[Stored entries]
++++++++++
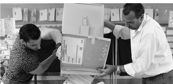
2016: Εγιναν στις 22 Μαΐου 2016 και έλαβαν μέρος 13 κόμματα/κινήματα και 5 ανεξάρτητοι υποψήφιοι. Μετά από αυτές τις εκλογές προέκυψε το λεγόμενο πρόβλημα της 56ης έδρας, με την αποποίηση της βουλευτικής έδρας που κέρδισε στη Λεμεσό η πρόεδρος του Κινήματος Ελένη Θεοκάρους.
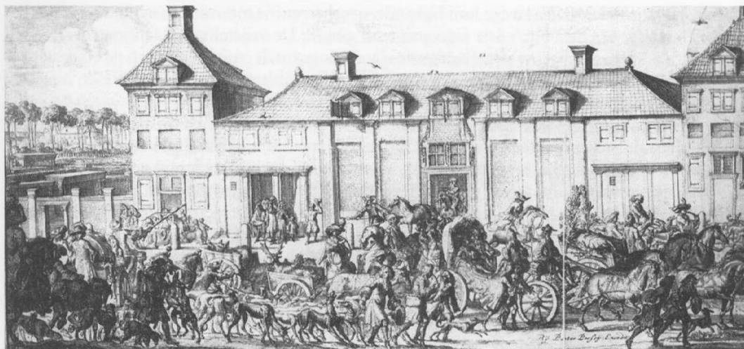
Romeyn de Hooghe, Linker gedeelte van een driedelige gravure van de thuiskomst van een jachtstoet op Het Loo.
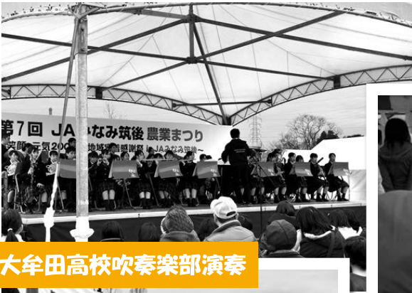
大牟田高校吹奏楽部演奏
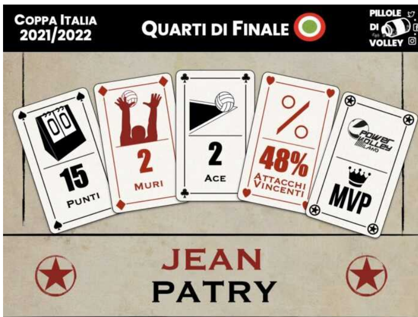
I numeri dell'opposto di Milano, miglior giocatore della gara contro la Lube.

Di Nicola Mazzoldi - 17 Gennaio 2022 👁 70
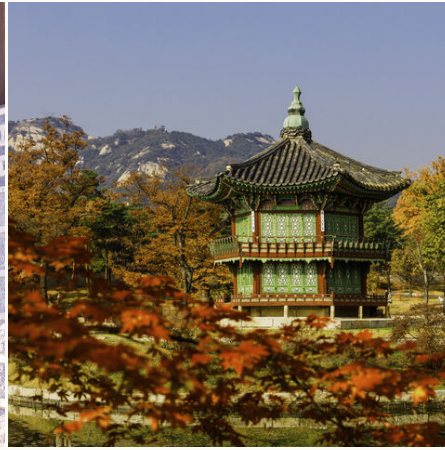
Gyeongbokgung Palast während der Herbstlaubfärbung, Südkorea
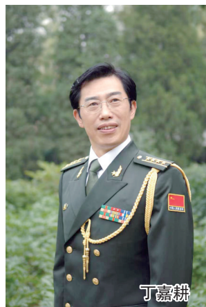
本报记者 周本林 本报通讯员 张泽宇

一段时间以来，曾在镇江工作的著名书法家丁嘉耕真可谓喜事连连：3月16日，人民日报《人民眼光》转载他的散文《霜雪催开的奇葩》；在我国现行宪法公布施行40周年之际，由法治日报社编、法律出版社出版，汇集书法名家书写的宪法全部法条书法作品集《书·法中华人民共和国宪法》付梓上新，丁嘉耕书《宪法》第118条；丁嘉耕再次亮相央视，在由著名主持人沙桐现场直播的体育赛事中，现场挥毫并为公益活动募捐。
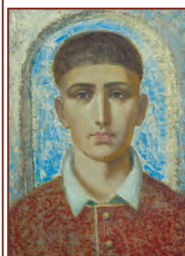
Григорій Сковорода. 2020. Полотно, олія. 39х27
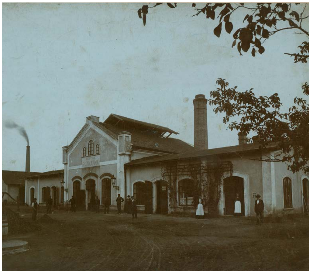
Fotografie městské plynárny

Se zavedením plynu v Kutné Hoře byla zároveň vybudována
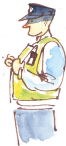
👁 Kijk uit naar puntige, rode neuzen.
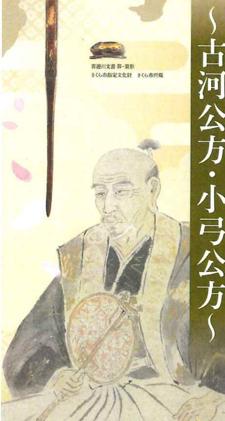
喜連川文書 斧・栗形 さくら市指定文化財 さくら市所蔵
++++++++++
- _What you should do_: Transcribe the complete set of entries verbatim. No pictures belong in the copy.

- _Exercise solution_:
2016: Εγιναν στις 22 Μαΐου 2016 και έλαβαν μέρος 13 κόμματα/κινήματα και 5 ανεξάρτητοι υποψήφιοι. Μετά από αυτές τις εκλογές προέκυψε το λεγόμενο πρόβλημα της 56ης έδρας, με την αποποίηση της βουλευτικής έδρας που κέρδισε στη Λεμεσό η πρόεδρος του Κινήματος Ελένη Θεοκάρους.
Romeyn de Hooghe, Linker gedeelte van een driedelige gravure van de thuiskomst van een jachtstoet op Het Loo.
大牟田高校吹奏楽部演奏
I numeri dell'opposto di Milano, miglior giocatore della gara contro la Lube.

Di Nicola Mazzoldi - 17 Gennaio 2022 👁 70
Gyeongbokgung Palast während der Herbstlaubfärbung, Südkorea
本报记者 周本林 本报通讯员 张泽宇

一段时间以来，曾在镇江工作的著名书法家丁嘉耕真可谓喜事连连：3月16日，人民日报《人民眼光》转载他的散文《霜雪催开的奇葩》；在我国现行宪法公布施行40周年之际，由法治日报社编、法律出版社出版，汇集书法名家书写的宪法全部法条书法作品集《书·法中华人民共和国宪法》付梓上新，丁嘉耕书《宪法》第118条；丁嘉耕再次亮相央视，在由著名主持人沙桐现场直播的体育赛事中，现场挥毫并为公益活动募捐。
Григорій Сковорода. 2020. Полотно, олія. 39х27
Fotografie městské plynárny

Se zavedením plynu v Kutné Hoře byla zároveň vybudována
👁 Kijk uit naar puntige, rode neuzen.
喜連川文書 斧・栗形 さくら市指定文化財 さくら市所蔵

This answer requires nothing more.